One remark - for DP/DPP LNBF EVEN tpns has LOF2 [14350 MHz] which more prone for the drift.


----------



## marcuscthomas (May 4, 2006)

P Smith said:


> One remark - for DP/DPP LNBF EVEN tpns has LOF2 [14350 MHz] which more prone for the drift.


Also, the drift seems to be greater with greater temperatures. Mine did this and Dish replaced it for free, once it reached a certain deviation from the desired level.


----------



## John W (Dec 20, 2005)

marcuscthomas said:


> Also, the drift seems to be greater with greater temperatures. Mine did this and Dish replaced it for free, once it reached a certain deviation from the desired level.

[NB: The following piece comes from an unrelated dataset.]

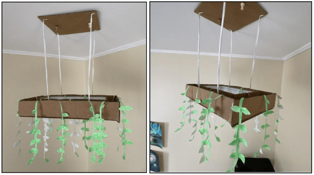 Materials: Carboard, paper, hot-glue, thumbtacks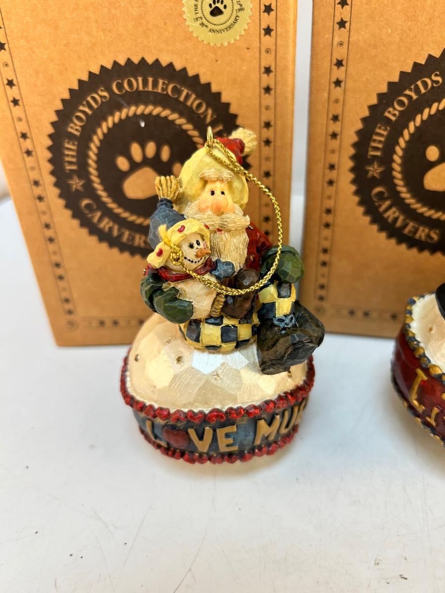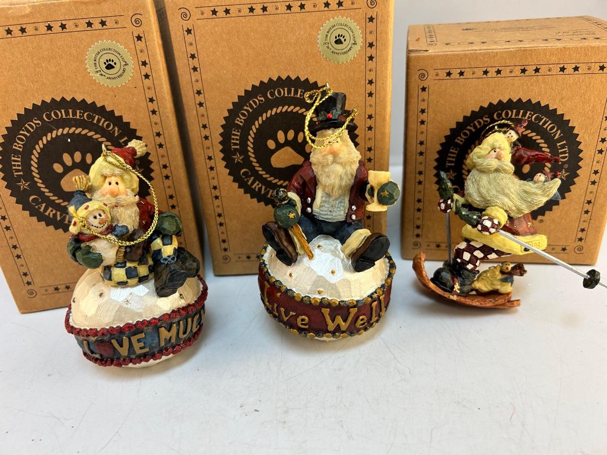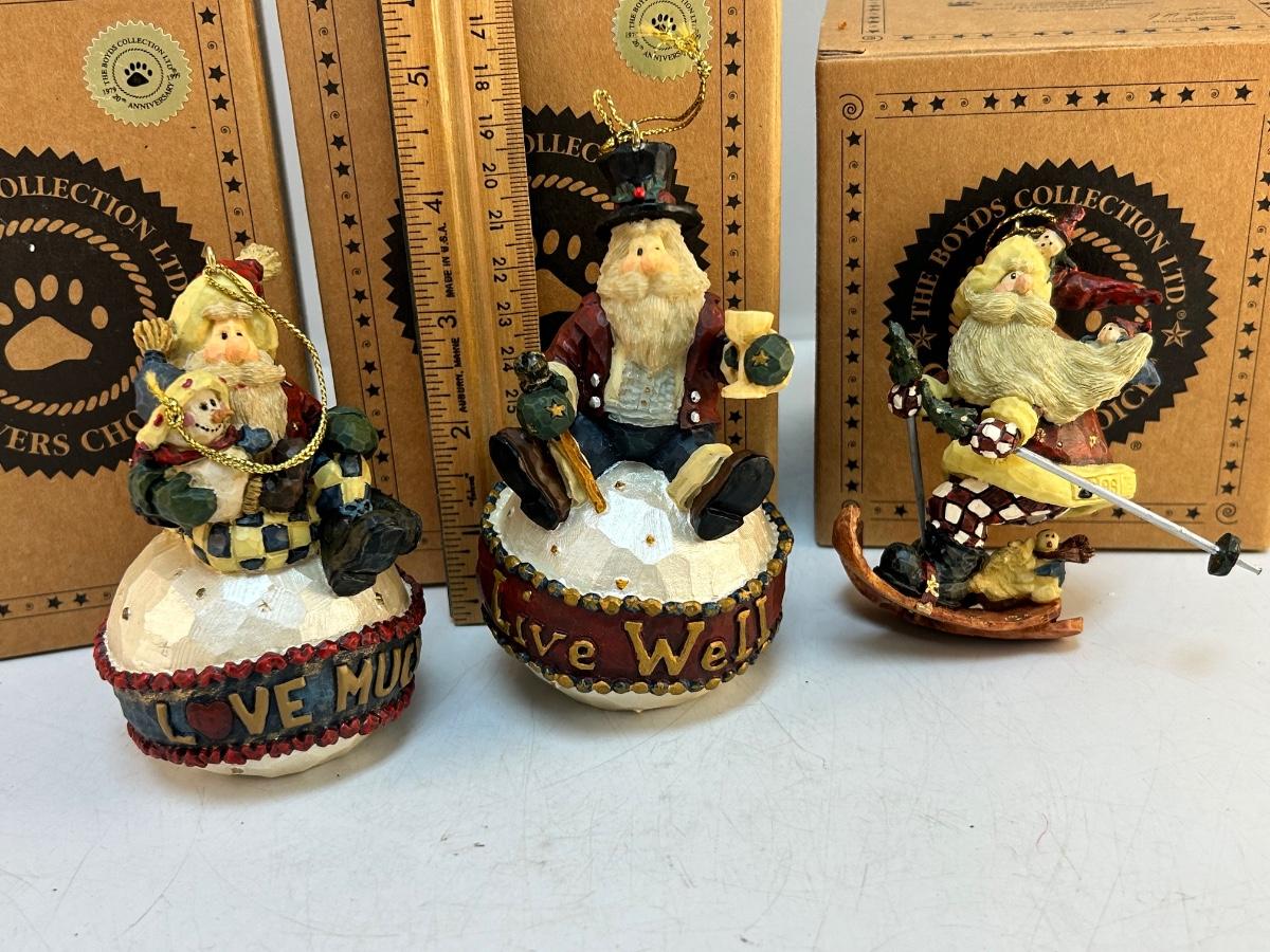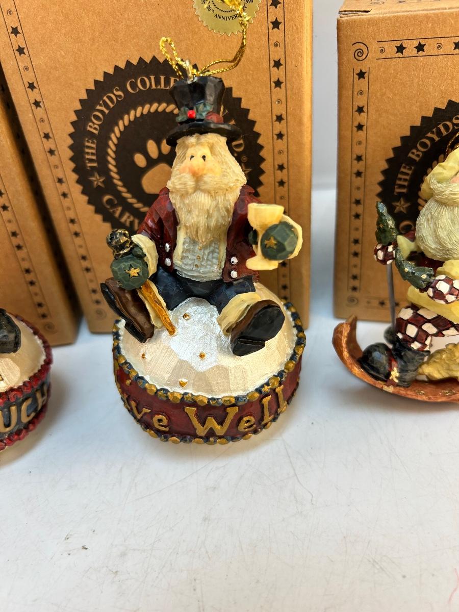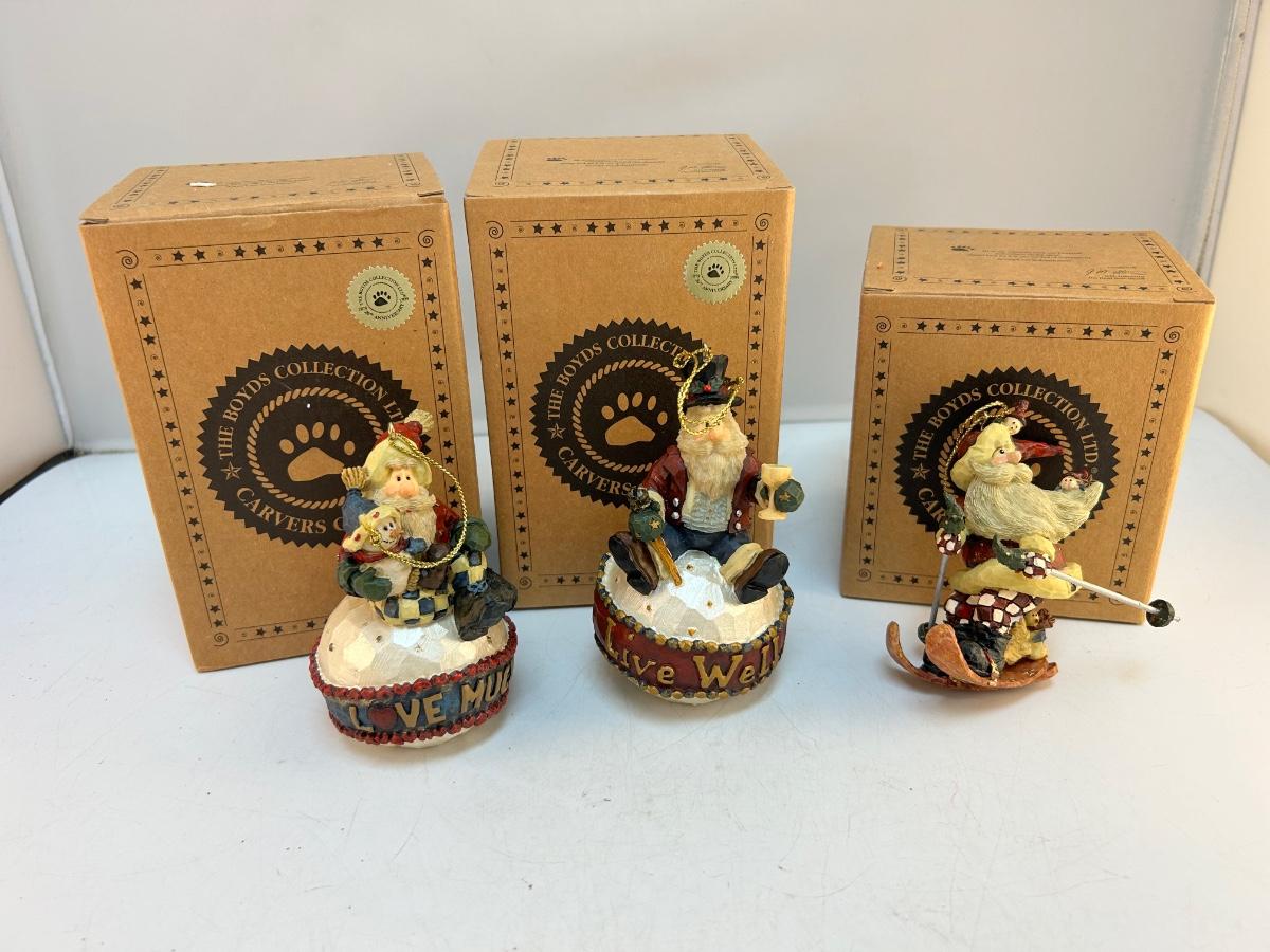 Set of Three The Boyds Collection LTD Carvers Choice Holiday Christmas Ornaments. In good condition. Come in their original boxes. Numbered on the bottom.

What was that certain deviation?


----------



## tnsprin (Mar 16, 2003)

John W said:


> What was that certain deviation?


They used to say 6, later 8, now they aren't saying.


----------



## P Smith (Jul 25, 2002)

Originally in Dish PDF file the threshold was +-5 [MHz], but later CSR rejecting any claim if it less then +-8 [MHz].


----------



## Redwoodman (Nov 5, 2005)

Joining from the General Discussion Forum...thanks for the link P Smith.

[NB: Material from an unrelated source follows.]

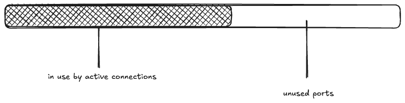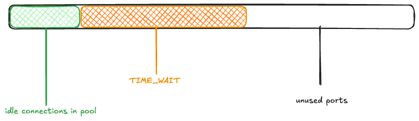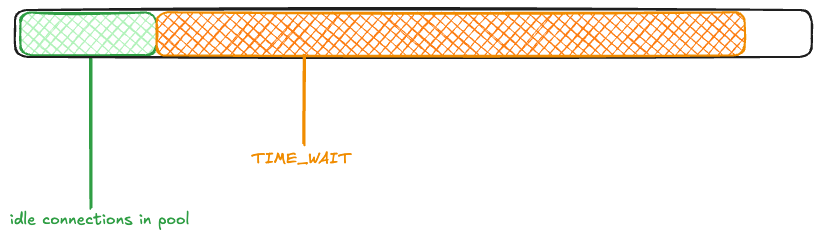 Returning to the Bluesky scenario, imagine that the memcached connection pool is fully populated (there are 1000 idle connections ready to be used), and the rest of the ephemeral ports are free. I’ll depict the space of 28,232 ephemeral ports as a rectangle, with the green rectangle indicating the connection pool.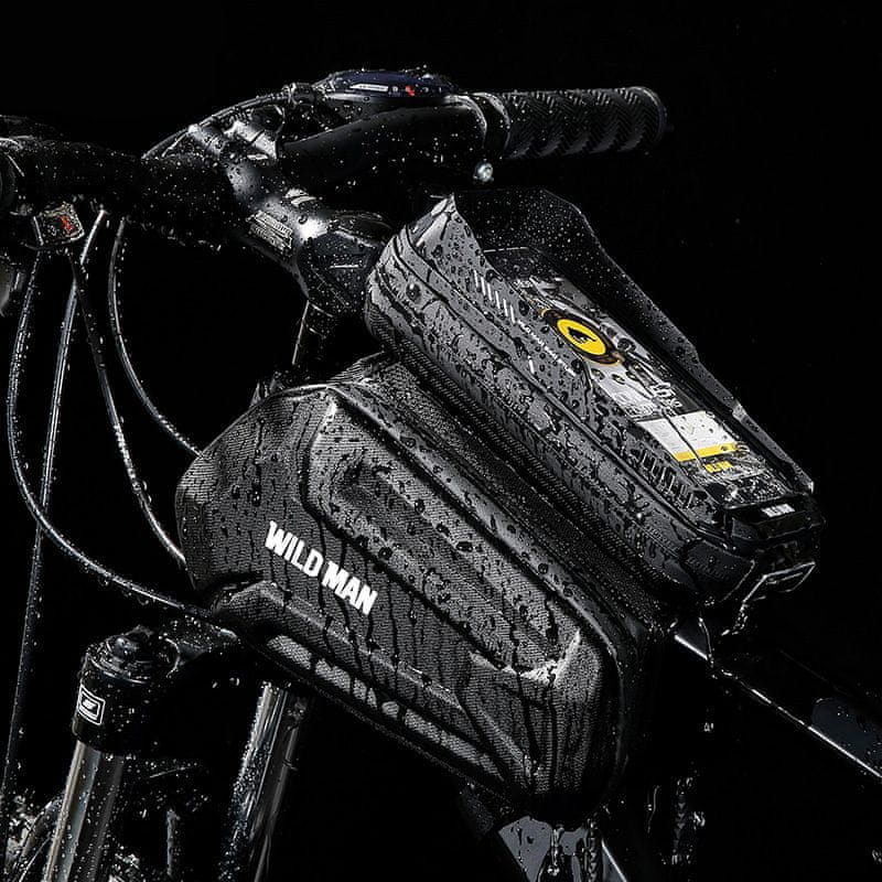 Kolesarska torba z etuijem za mobilni telefon – prostornina 1,2 litra, nepremočljiv material, iz trdega PC materiala, montaža na okvir kolesa. Primerno za naprave do 6,8 inčev. Celoten opis

So....if I'm currently at -8/-9 I may be close to needing new LNBs.

I seem to remember seeing in another thread that Dish actually contacted some customers to arrange to replace their LNBs. Has anyone heard of this happening recently?


----------



## P Smith (Jul 25, 2002)

Yes, it was - if your DVR report to Dish STB_health each week ( thru Internet or phone) - check it in Diag/Counters list.


----------



## KalebD (May 8, 2007)

Thanks everyone. So it seems that my installer just put on an LNB he had in his truck that seems to not be working within the roper parameters, but should be brand new. I will call the installer back out.


----------



## BattleZone (Nov 13, 2007)

KalebD said:


> Thanks everyone. So it seems that my installer just put on an LNB he had in his truck that seems to not be working within the roper parameters, but should be brand new. I will call the installer back out.


We've installed a number of brand new LNBs that start drifting within a month or two. We've also gone to houses with 4-5 year old LNBs that don't drift. There's no way to know when it will happen until it starts.

-Troy


----------